Activity -> Nothing but the lines from the one with "2021年7月啟辰T60旗下" through the final line of the entries should appear in the answer, copied exactly and without pictures.

Data supplied ->
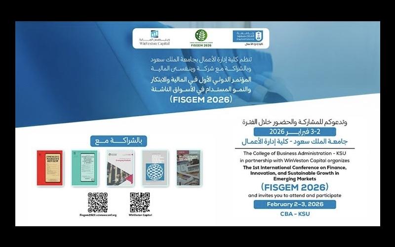 تنظم جامعة الملك سعود ممثلة بكلية إدارة الأعمال المؤتمر الدولي الأول في المالية والابتكار والنمو المستدام في الأسواق الناشئة (FISGEM)، بالشراكة مع شركة وينفستن المالية (Winveston)، وذلك يومي الاثنين والثلاثاء 2–3 فبراير 2026م، في رحاب الكلية .
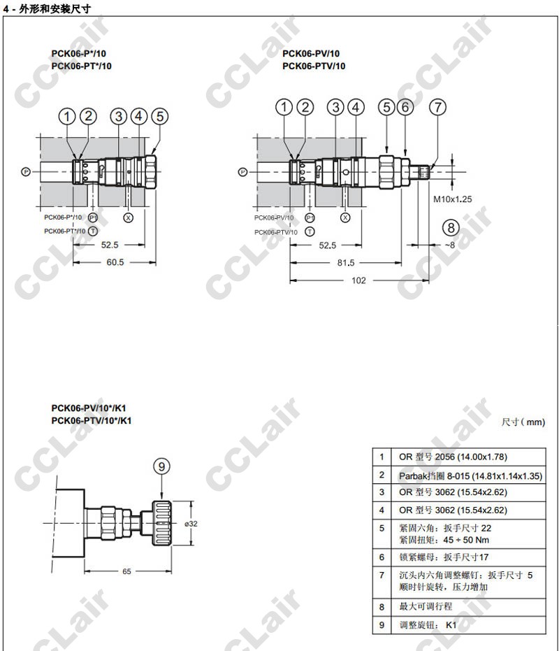 PCK06-PV/10N,PCK06-P4/10N,PCK06-PV/10V,PCK06-P4/10V,PCK06-PTV/10N,PCK06-PT8/10V,PCK06-PT8/10N,壓力補償器
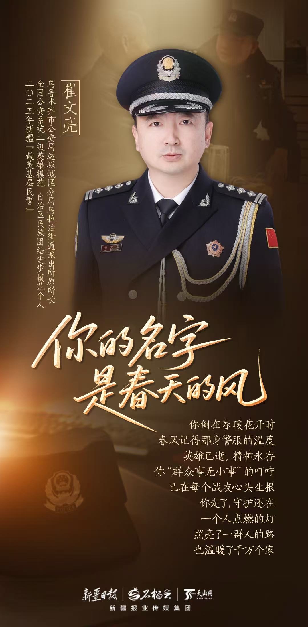 2025年3月18日,乌鲁木齐市公安局达坂城区分局乌拉泊街道派出所所长崔文亮因突发疾病,倒在他挚爱了26年的公安工作岗位上。
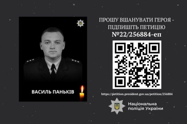 Просимо підтримати петицію щодо вшанування пам’яті старшого лейтенанта поліції Василя Паньківа, життя якого обірвалося 23 квітня 2025 року під час виконання бойового завдання на Донеччині.
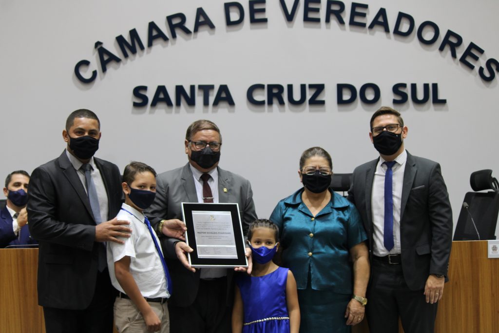 A Câmara de Vereadores realizou sessão solene na última quarta-feira, 2, para a entrega do título de Cidadão Santa-cruzense ao pastor Osvaldo Rodrigues, numa iniciativa do vereador Cléber Pereira (DEM).
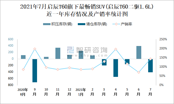 2021年7月啟辰T60旗下最暢銷SUV(啟辰T60二驅1.6L)近一年庫存情況及產銷率統(tǒng)計圖
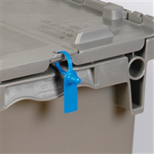 Fixed length security seal designed specifically to secure totes used to transport merchandise from one location to another. Manufactured as “twin†sets with identical numbers since totes require two seals to be properly secured.

Answer area ->
 2021年7月啟辰T60旗下最暢銷SUV(啟辰T60二驅1.6L)近一年庫存情況及產銷率統(tǒng)計圖
 Fixed length security seal designed specifically to secure totes used to transport merchandise from one location to another. Manufactured as “twin†sets with identical numbers since totes require two seals to be properly secured.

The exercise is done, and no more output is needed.